Figure 3.4.3 Design View for Ranking
As we can see in this architecture, at first the query is performed by the user and on this query the query analysis will be performed. The analysis includes the keyword extraction by removal of stop words. Once the keyword extracted the next work is about to perform the keyword summarization based on frequency of keywords. Once we get the summarized keywords it will be used as the content based analysis.
On the cloud side a database is used to maintain the cloud information that includes the cloud URL along with some parameters such as availability, response time, shared resources etc. on the basis the cloud services are selected.
3.4.4 Research Tool
Java was designed to meet all the real world requirements with its key features, which are explained in the following paragraph.
Java is Simple and Powerful
Java was designed to be easy for the professional programmer to learn and use efficiently. Java makes itself simple by not having surprising features. Since it exposes the inner working of a machine, the programmer can perform his desired actions without fear. Unlike other programming systems that provide dozens of complicated ways to perform a simple task, Java provides a small number of clear ways to achieve a given task.
Security of Java
Today everyone is worried about safety and security. People feel that conducting commerce over the Internet is a safe as printing the credit card number on the first page of a Newspaper. Threatening of viruses and system hackers also exists. To overcome all these fears java has safety and security as its key design principle.
Using Java Compatible Browser, anyone can safely download java applets without the fear of viral infection or malicious intent. Java achieves this protection by confining a java program to the java execution environment and by making it inaccessible to other parts of the computer. We can download applets with confidence that no harm will be done and no security will be breached.
Portability of Java
In java, the same mechanism that gives security also helps in portability. Many types of computers and operating systems are in use throughout the world and are connected to the internet. For downloading programs through different platforms connected to the internet, some portable, executable code is needed. Java's answer to these problems is its well designed architecture.
In this chapter, proposed research problem is discussed with its scope and objectives. Architecture of proposed problem is shown in Figure 1 to clear the whole concept of problem. Java will be used as a research tool.
In this present work the GUI interface will be created to pass the user query like a search engine. The search engine will be integrated with the cloud architecture.
The first output will be drawn in terms of query filtration and extraction of the keyword from the query analysis. Once the keyword analysis is performed the keyword reduction will be performed and finally the keywords will be drawn as output.
Figure 3.5.1 Intermediate output of approach
Now this extracted keyword will work as input to the cloud search architecture and based on the algorithmic approach it will return the effective URL list along with ranking.

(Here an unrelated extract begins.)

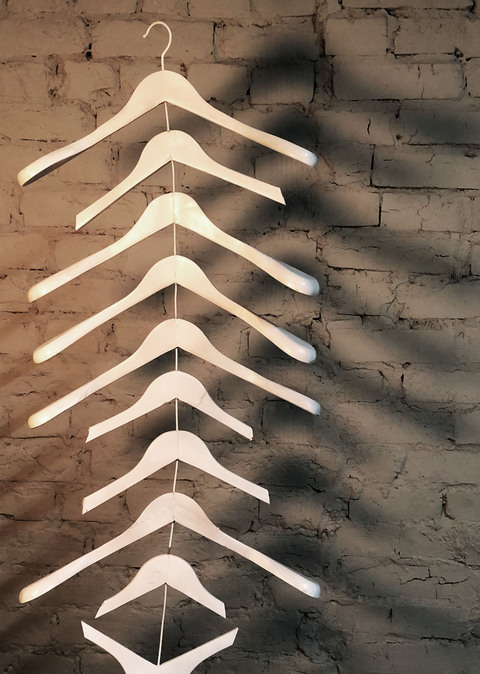 Раскрывая тему взаимосвязи человека и театра, я постаралась выстроить ассоциативный ряд, найти точную и необычную метафору современного театра. Цепочка размышлений и поисков привела меня к цитате Станиславского: «Театр начинается с вешалки». Если понимать эту фразу буквально, то вешалка становится своебразным центром, тем, на чем держится и берет начало все остальное. И если театр — место соединения всего человеческого, то стержень — это позвоночник.

Figure 3.5.2 Final outcome of approach
This is what, our outcome will be.
This chapter focuses on dividing the task in subtasks and according to the task, time slot is allocated to individual task so that task should be completed on time.
4.1 Gantt Chart
Table 4.1 Gantt chart
Time in Weeks
Data Collection and Study of Existing System
Study of Tool
Creating Cloud Database and its management
Design of GUI and User Query Filtration
Cloud Search and ranking
In this section, different time period is allocated to different tasks to manage the tasks properly and for timely completion of task.